Searching for sequence features that control DNA flexibility

TL;DR

This paper introduces a correlation function-based method, inspired by statistical physics, to identify DNA sequence features that influence DNA flexibility, demonstrating its effectiveness with experimental data.

Contribution

It proposes a novel, simple correlation function approach to analyze DNA flexibility from genomic data, connecting physics concepts to genomics.

Findings

Correlation functions effectively identify DNA flexibility features

Method yields predictions comparable to complex models

Approach links DNA analysis to sensory neuron stimulus analysis

Abstract

Modern genomics experiments measure functional behaviors for many thousands of DNA sequences.

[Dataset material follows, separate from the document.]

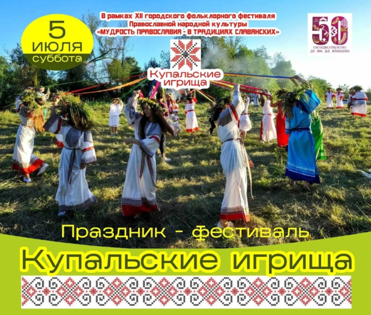 5 июля Городской Дворец культуры им. Д.Е. Кравцова станет центром празднования "Купальских игрищ" в рамках XII Городского фольклорного фестиваля "Мудрость Православия – в традициях славянских". Открытие мероприятия запланировано на 15:00.

We suggest that, especially when these sequences are chosen at random, it is natural to compute correlation functions between sequences and measured behaviors. In simple models for the dependence of DNA flexibility on sequence, for example, correlation functions can be interpreted directly as interaction parameters. Analysis of recent experiments shows that this is surprisingly effective, leading directly to extraction of distinct features for DNA flexibility and predictions that are as accurate as more complex models. This approach follows the conventional use of correlation functions in statistical physics and connects the search for relevant DNA sequence features to the search for relevant stimulus features in the analysis of sensory neurons.